Cabe destacar que a autora acima citada se refere a essa produção identitária fundamentalmente em relação à realidade de São Luiz Gonzaga. Em contrapartida, referindo-se a uma mesma identidade regional bareferindo-seada nos referenciais históricos do passado reducional das Missões, mas com uma realidade voltada para o município de Santo Ângelo, Nagel (apud GONÇALVES; BOFF, 2001, p. 14) chama a atenção para a heterogeneidade étnica da população santo-angelense com múltiplas descendências como alemãs, italianas, polonesas, entre outras. Além do que, a miscigenação entre essas e outras etnias proporcionou um verdadeiro mosaico étnico.
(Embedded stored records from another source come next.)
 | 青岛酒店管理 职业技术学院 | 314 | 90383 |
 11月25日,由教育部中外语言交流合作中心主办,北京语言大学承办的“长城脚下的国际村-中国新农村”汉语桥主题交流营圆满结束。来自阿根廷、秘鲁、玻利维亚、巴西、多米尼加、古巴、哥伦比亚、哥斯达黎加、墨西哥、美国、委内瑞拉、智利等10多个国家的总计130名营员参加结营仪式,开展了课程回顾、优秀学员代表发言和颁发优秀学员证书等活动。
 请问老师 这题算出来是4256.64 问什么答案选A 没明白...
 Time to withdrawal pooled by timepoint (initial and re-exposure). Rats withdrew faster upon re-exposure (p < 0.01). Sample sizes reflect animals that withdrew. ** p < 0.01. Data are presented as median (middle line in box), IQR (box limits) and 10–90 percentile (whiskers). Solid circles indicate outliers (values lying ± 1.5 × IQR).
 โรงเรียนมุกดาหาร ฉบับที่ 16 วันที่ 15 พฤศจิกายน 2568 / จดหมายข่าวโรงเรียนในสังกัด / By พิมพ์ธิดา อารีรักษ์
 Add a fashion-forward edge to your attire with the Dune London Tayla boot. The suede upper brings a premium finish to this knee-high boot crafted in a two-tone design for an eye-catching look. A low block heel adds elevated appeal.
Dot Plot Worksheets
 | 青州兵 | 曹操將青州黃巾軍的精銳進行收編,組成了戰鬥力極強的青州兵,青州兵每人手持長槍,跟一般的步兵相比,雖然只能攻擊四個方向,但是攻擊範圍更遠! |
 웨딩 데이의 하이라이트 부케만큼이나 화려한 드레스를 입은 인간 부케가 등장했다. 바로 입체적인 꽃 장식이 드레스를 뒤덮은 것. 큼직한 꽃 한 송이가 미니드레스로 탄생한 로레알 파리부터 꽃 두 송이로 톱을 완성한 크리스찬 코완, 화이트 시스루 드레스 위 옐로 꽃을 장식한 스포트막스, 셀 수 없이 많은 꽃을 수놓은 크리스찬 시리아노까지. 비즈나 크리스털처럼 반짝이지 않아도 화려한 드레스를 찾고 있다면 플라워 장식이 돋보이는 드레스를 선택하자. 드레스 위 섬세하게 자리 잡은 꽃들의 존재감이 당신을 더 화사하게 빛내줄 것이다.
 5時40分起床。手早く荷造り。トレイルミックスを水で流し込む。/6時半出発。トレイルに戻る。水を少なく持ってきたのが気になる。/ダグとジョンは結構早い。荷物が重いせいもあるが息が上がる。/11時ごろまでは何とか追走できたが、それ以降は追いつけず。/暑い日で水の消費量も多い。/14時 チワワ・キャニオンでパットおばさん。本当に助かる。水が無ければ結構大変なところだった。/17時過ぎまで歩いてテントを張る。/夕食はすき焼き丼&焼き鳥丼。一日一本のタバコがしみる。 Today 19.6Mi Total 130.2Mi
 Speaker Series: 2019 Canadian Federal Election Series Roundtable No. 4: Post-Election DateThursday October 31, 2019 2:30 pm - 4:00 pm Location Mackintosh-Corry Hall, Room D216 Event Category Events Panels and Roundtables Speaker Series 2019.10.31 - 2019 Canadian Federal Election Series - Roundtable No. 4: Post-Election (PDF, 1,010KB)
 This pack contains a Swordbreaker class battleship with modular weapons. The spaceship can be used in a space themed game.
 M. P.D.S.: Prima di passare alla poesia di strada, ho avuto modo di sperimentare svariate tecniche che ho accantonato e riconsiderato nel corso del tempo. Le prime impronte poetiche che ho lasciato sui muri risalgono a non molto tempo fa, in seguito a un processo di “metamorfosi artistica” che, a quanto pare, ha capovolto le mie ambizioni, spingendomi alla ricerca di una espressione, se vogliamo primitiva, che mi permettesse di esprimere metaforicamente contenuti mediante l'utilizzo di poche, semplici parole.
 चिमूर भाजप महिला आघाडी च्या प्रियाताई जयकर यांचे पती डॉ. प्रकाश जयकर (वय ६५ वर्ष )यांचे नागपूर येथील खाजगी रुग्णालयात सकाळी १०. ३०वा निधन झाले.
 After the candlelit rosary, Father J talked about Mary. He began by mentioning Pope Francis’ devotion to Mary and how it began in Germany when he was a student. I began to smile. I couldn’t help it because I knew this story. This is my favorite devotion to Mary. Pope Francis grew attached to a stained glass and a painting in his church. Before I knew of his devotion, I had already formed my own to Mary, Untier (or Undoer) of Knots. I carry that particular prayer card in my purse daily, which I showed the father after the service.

Sendo assim, a autora destaca que a perda das raízes dos referenciais históricos dessas etnias fez com que esses grupos sociais idealizassem no passado histórico da região onde estiveram ou estão inseridos, uma nova face identitária, caracterizada por missioneira e identificada com o passado das reduções dos Sete Povos das Missões. Por mais que essa ideia de ser missioneiro seja uma idealização, “[...] quando abordamos as origens de Santo Ângelo, o que se preserva no imaginário é a constatação de ser missioneiro, precedido da construção da noção de temporalidade, ou seja, associação de tempo às práticas culturais na região [...]” (SANTOS, 2008, p. 195). Além do mais:

Imagem marcante e representativa do imaginário missioneiro santo-angelense é o lugar de memória, a Igreja Angelopolitana, que ocupa lugar de destaque no espaço urbano contemporâneo. Dessa forma, não são os cientistas sociais os únicos responsáveis pelo que foi escolhido, mas também a sociedade, que reconhece nos diversos ícones-vestígios, como a escultura de Cristo e no próprio projeto urbanístico da Catedral Angelopolitana (que apesar de erguida em 1929, procurava os princípios do templo de São Miguel), os atributos históricos que lhe dão e permitem alcançar a legitimidade necessária (SANTOS, 2008, p. 199).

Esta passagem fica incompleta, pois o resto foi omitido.